**Problem description**
Pictures are to be left out. Return exactly the lines below from the one with "Wholesale Retro slim" up to and including the one with "自宅の冷蔵庫に入っていたカッ".

**Available records**
··········

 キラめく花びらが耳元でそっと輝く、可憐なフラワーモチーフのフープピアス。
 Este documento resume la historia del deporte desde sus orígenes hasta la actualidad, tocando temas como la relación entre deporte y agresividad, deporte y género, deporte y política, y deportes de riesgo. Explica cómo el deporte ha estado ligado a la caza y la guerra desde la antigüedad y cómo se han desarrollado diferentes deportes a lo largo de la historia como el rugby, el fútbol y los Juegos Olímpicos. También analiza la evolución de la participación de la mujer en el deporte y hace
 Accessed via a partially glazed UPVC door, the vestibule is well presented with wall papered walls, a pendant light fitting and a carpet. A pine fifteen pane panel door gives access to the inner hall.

··········

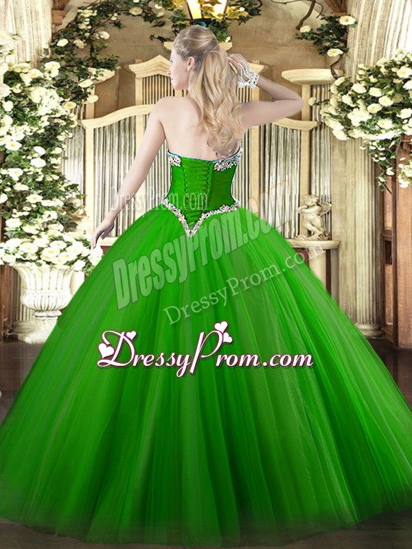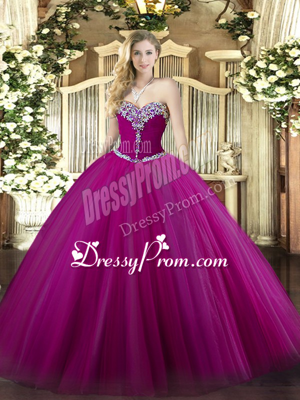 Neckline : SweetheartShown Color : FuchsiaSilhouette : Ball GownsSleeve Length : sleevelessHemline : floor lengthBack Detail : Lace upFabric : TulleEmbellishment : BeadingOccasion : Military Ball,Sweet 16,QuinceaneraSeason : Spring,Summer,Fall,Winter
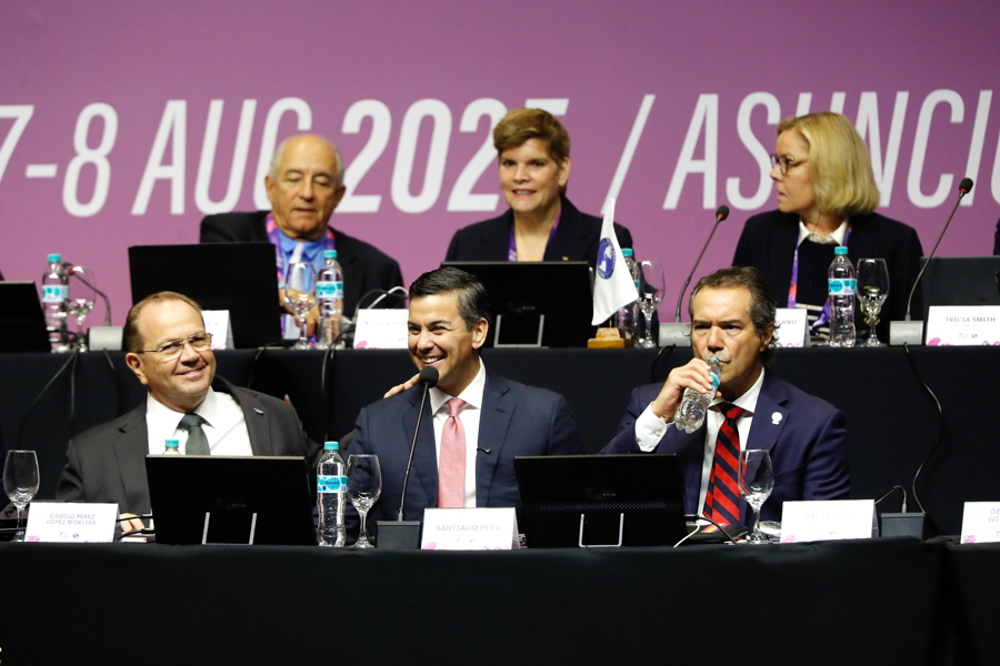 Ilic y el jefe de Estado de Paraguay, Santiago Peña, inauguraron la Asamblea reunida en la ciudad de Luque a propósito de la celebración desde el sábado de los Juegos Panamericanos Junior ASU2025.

··········

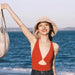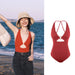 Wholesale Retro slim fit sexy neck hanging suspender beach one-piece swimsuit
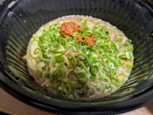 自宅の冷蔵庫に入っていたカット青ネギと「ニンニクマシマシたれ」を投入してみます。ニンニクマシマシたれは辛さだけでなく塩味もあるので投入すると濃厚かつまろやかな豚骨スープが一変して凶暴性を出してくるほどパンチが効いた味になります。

··········

**Task result**
 Wholesale Retro slim fit sexy neck hanging suspender beach one-piece swimsuit
 自宅の冷蔵庫に入っていたカット青ネギと「ニンニクマシマシたれ」を投入してみます。ニンニクマシマシたれは辛さだけでなく塩味もあるので投入すると濃厚かつまろやかな豚骨スープが一変して凶暴性を出してくるほどパンチが効いた味になります。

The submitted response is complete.